故此，如何發展一種可有效解決前述先前技術之問題與缺點之多語音助理之控制方法，實為目前尚待解決的問題。 Therefore, how to develop a multi-voice assistant control method that can effectively solve the aforementioned problems and shortcomings of the prior art is actually a problem to be solved.

本案之主要目的為提供一種多語音助理之控制方法，俾解決並改善前述先前技術之問題與缺點。 The main purpose of this case is to provide a multi-voice assistant control method to solve and improve the aforementioned problems and disadvantages of the prior art.

本案之另一目的為提供一種多語音助理之控制方法，藉由分析聲音物件後直接選擇對應的辨識引擎，可達到直接呼叫對應的語音助理進行服務，讓使用者以更直覺的對話方式使用電子裝置，進而增進使用者體驗並減少等待時間之功效。 Another objective of this case is to provide a method for controlling multiple voice assistants. By analyzing the sound object and directly selecting the corresponding recognition engine, the corresponding voice assistant can be directly called for service, allowing users to use the electronic in a more intuitive dialogue Device to further improve the user experience and reduce the waiting time.

本案之另一目的為提供一種多語音助理之控制方法，透過仲裁器、辨識原則及聆聽器的應用，不僅可在等待時間超過一預設時間時提前啟用所有辨識引擎重新進行辨識，更可直接地因應聆聽器輸入至仲裁器之內容選擇對應的辨識引擎，以減少使用者的等待時間並且避免多餘對話產生的錯誤。 Another purpose of this case is to provide a multi-voice assistant control method. Through the application of arbiter, recognition principle and listener, not only can all recognition engines be re-recognized in advance when the waiting time exceeds a preset time, but also directly According to the content input by the listener to the arbiter, the corresponding recognition engine is selected to reduce the user's waiting time and avoid errors caused by redundant dialogue.

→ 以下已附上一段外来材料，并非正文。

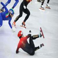 11日晚,短道速滑男子5000米接力半决赛,在还剩11圈时(一共45圈),中国选手李文龙与加拿大选手冰刀发生碰撞后摔倒,但中国队仍坚持完成了比赛,最终中国队被直接判进A组决赛。

為達上述目的，本案之一較佳實施態樣為提供一種多語音助理之控制方法，包括步驟：(a)提供配備複數個語音助理之一電子裝置；(b)啟用該複數個語音助理對應之複數個辨識引擎，使該電子裝置進入一聆聽模式，以接收至少一聲音物件；(c)分析接收到的該聲音物件，並根據一分析結果自該複數個辨識引擎中選擇對應的該辨識引擎；(d)判斷會話是否結束；(e)修改對應於該複數個辨識引擎之複數個辨識閾值；以及(f)關閉非對應的該辨識引擎；其中，當該步驟(d)之判斷結果為是，於該步驟(d)之後係執行該步驟(b)，且當該步驟(d)之判斷結果為否，於該步驟(d)之後係依序至少執行該步驟(e)及該步驟(f)。 In order to achieve the above purpose, a preferred embodiment of the present case is to provide a multi-voice assistant control method, including the steps of: (a) providing an electronic device equipped with a plurality of voice assistants; (b) enabling the correspondence of the plurality of voice assistants A plurality of recognition engines, the electronic device enters a listening mode to receive at least one sound object; (c) analyze the received sound object, and select the corresponding recognition from the plurality of recognition engines according to an analysis result Engine; (d) determine whether the session ends; (e) modify the plurality of recognition thresholds corresponding to the plurality of recognition engines; and (f) turn off the recognition engine that does not correspond; wherein, when the judgment result of step (d) If yes, the step (b) is executed after the step (d), and when the judgment result of the step (d) is no, at least the step (e) and the step are executed sequentially after the step (d) Step (f).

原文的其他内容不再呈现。